**Your goal:**
Quote, exactly, the line holding "Press and ." and all lines after it to the end of the records below. Exclude pictures.

**Dataset excerpts:**
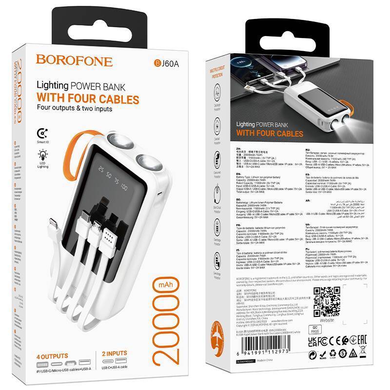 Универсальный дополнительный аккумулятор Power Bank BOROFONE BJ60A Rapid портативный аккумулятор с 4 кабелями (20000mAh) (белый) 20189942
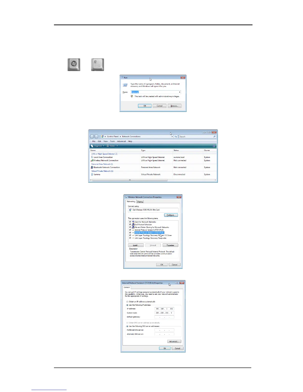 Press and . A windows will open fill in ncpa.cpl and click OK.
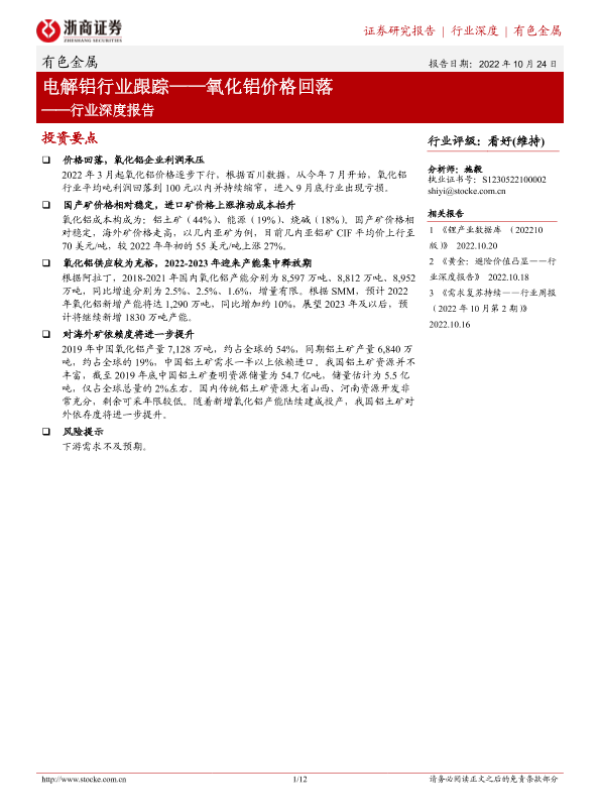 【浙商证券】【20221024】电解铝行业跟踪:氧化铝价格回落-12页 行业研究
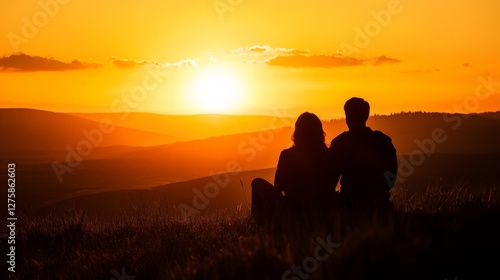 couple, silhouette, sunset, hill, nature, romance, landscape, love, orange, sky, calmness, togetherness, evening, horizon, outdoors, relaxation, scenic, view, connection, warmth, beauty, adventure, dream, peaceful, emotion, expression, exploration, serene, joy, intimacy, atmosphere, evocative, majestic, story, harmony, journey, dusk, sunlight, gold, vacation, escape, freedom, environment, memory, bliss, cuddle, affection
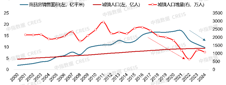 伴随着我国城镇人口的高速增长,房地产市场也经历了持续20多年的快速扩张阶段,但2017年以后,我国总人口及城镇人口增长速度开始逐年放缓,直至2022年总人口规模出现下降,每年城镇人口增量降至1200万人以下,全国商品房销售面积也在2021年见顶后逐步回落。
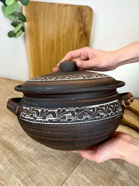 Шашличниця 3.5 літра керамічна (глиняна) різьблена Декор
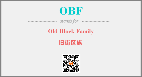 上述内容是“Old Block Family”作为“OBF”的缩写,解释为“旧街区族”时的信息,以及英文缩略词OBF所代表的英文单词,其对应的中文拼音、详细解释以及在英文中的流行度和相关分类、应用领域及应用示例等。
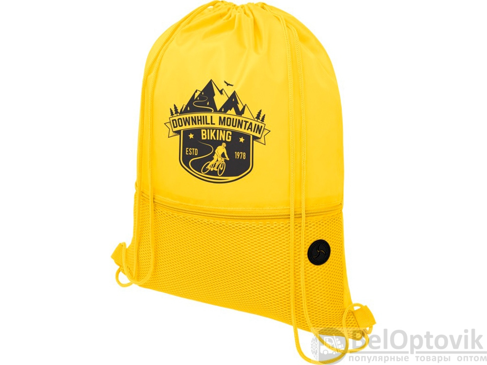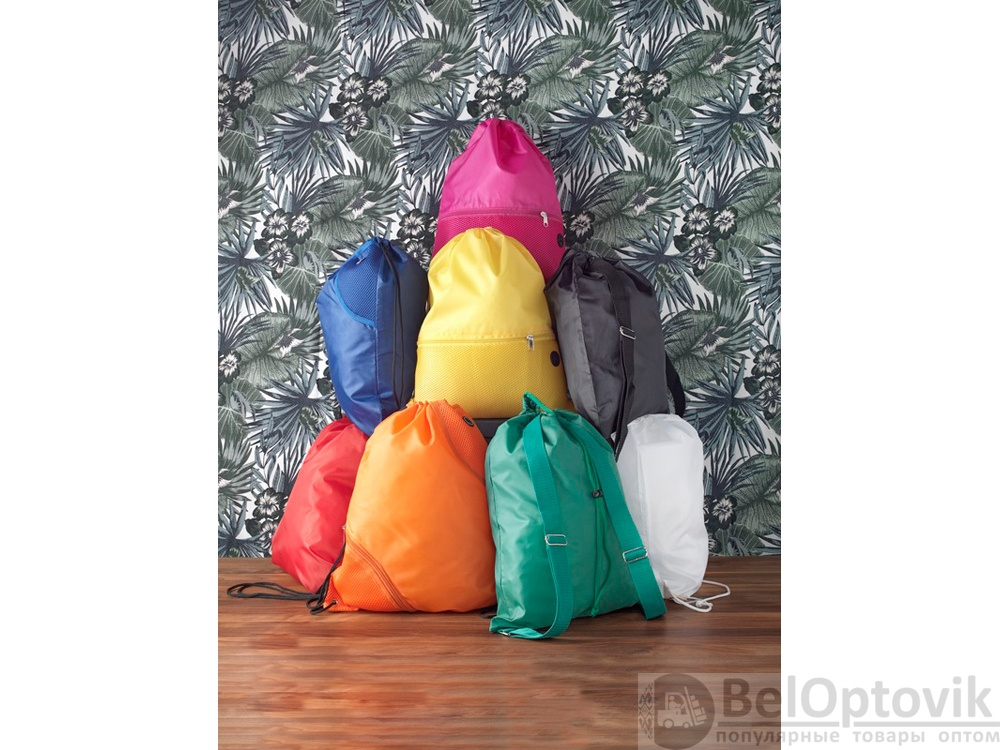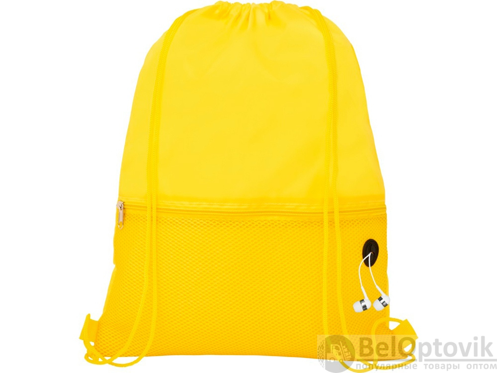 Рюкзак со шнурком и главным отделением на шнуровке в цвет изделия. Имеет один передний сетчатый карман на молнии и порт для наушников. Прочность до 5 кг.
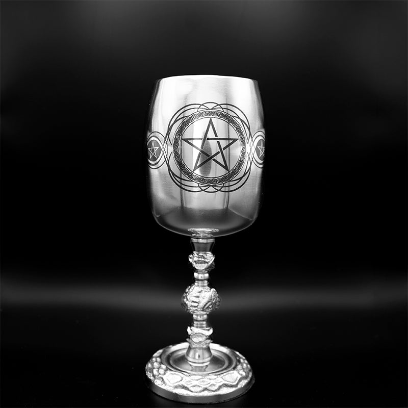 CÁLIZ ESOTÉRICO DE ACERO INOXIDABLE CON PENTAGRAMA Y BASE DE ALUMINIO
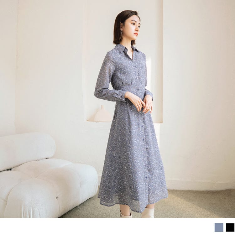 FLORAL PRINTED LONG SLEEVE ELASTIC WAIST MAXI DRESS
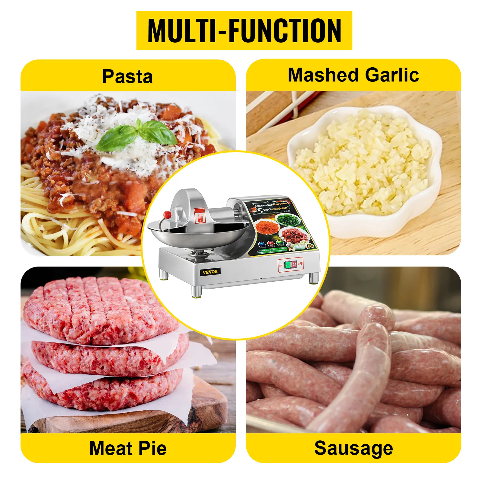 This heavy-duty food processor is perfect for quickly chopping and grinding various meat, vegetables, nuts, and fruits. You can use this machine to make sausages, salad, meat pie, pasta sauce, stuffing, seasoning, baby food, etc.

**Result for this exercise:**
 Press and . A windows will open fill in ncpa.cpl and click OK.
 【浙商证券】【20221024】电解铝行业跟踪:氧化铝价格回落-12页 行业研究
 couple, silhouette, sunset, hill, nature, romance, landscape, love, orange, sky, calmness, togetherness, evening, horizon, outdoors, relaxation, scenic, view, connection, warmth, beauty, adventure, dream, peaceful, emotion, expression, exploration, serene, joy, intimacy, atmosphere, evocative, majestic, story, harmony, journey, dusk, sunlight, gold, vacation, escape, freedom, environment, memory, bliss, cuddle, affection
 伴随着我国城镇人口的高速增长,房地产市场也经历了持续20多年的快速扩张阶段,但2017年以后,我国总人口及城镇人口增长速度开始逐年放缓,直至2022年总人口规模出现下降,每年城镇人口增量降至1200万人以下,全国商品房销售面积也在2021年见顶后逐步回落。
 Шашличниця 3.5 літра керамічна (глиняна) різьблена Декор
 上述内容是“Old Block Family”作为“OBF”的缩写,解释为“旧街区族”时的信息,以及英文缩略词OBF所代表的英文单词,其对应的中文拼音、详细解释以及在英文中的流行度和相关分类、应用领域及应用示例等。
 Рюкзак со шнурком и главным отделением на шнуровке в цвет изделия. Имеет один передний сетчатый карман на молнии и порт для наушников. Прочность до 5 кг.
 CÁLIZ ESOTÉRICO DE ACERO INOXIDABLE CON PENTAGRAMA Y BASE DE ALUMINIO
 FLORAL PRINTED LONG SLEEVE ELASTIC WAIST MAXI DRESS
 This heavy-duty food processor is perfect for quickly chopping and grinding various meat, vegetables, nuts, and fruits. You can use this machine to make sausages, salad, meat pie, pasta sauce, stuffing, seasoning, baby food, etc.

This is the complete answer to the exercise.